Additional Inclusions for Suites:
Exclusive check-in service on day of embarkation; deluxe welcome package (wine, fruit basket, natural snacks); single brew coffee machine; mini-stereo; private in-room One Ocean Adventure Concierge service; in-room dining menu; early morning in-room café service; evening après dinner drink service; premium in-room mini bar replenished daily (including spirits); complimentary 1-hour massage/spa experience.

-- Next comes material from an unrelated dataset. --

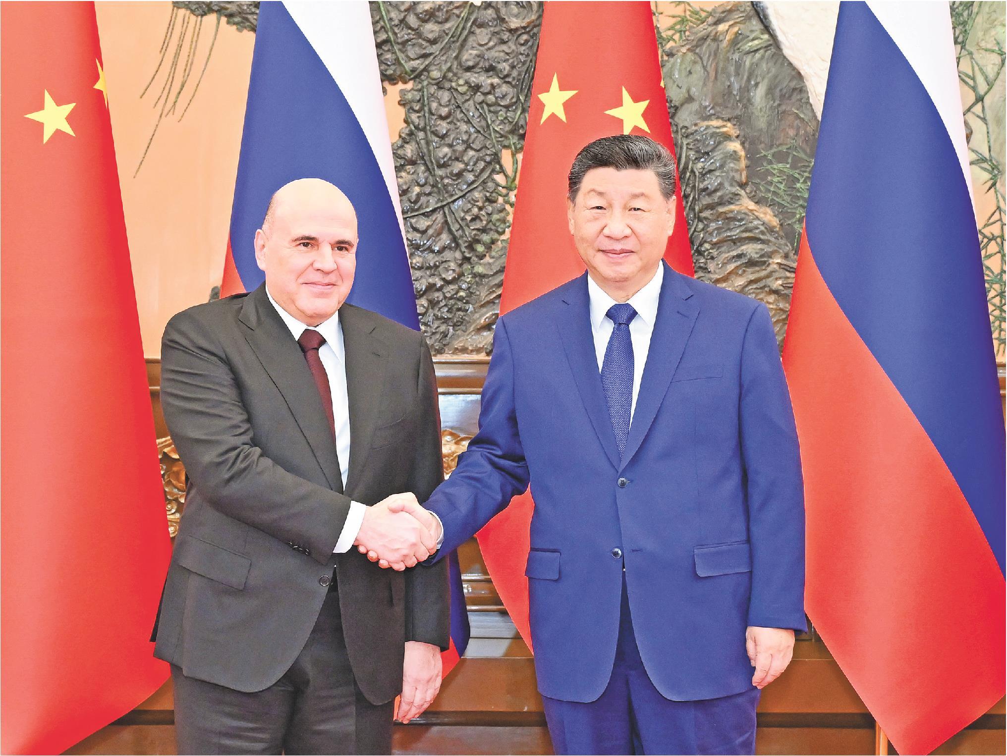 11月4日上午,国家主席习近平在北京人民大会堂会见俄罗斯总理米舒斯京。
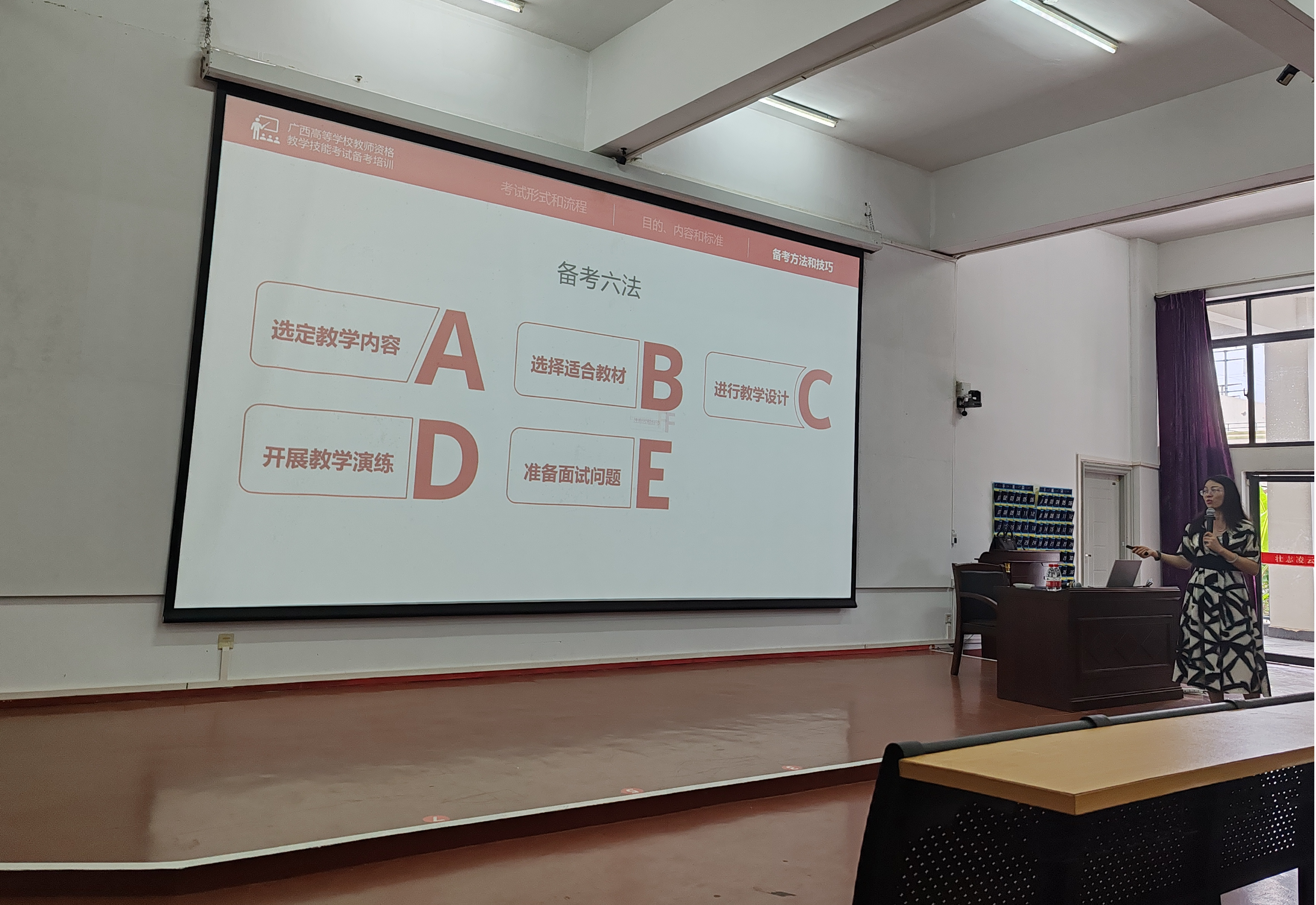 增强我校教师高校教师资格证技能考试应试技巧,提高高校教师资格证技能考试通过率,67下午人事处(教师发展中心邀请广西高等学校教师资格教学技能考试测试专家、FDW国际认证教学技能引导员左婧为我校今年参加高校教师资格证技能考试的教师开展了“高校教师资格证技能考试专题培训”本次培训地点设在西校区伦理楼107,由人事处处长屈志鑫主持,各学院/部门共90余位教师参加本次培训。

Inclusions subject to change without notice.

Not Included:
Any international or local airfare, pre- or post-hotel accommodation, or pre- or post-cruise transfers unless otherwise specified in the voyage itinerary (or pre-arranged); visa and passport expenses; personal expenses onboard such as alcoholic beverages, bar charges, laundry expenses or spa services such as massage; telecommunication charges (i.e. email, satellite phone); baggage, cancellation, or medical travel insurance-related expenses (travel insurance is mandatory on all voyages); a voluntary gratuity at the end of the voyage for expedition staff and ship crew. Subject to change without notice.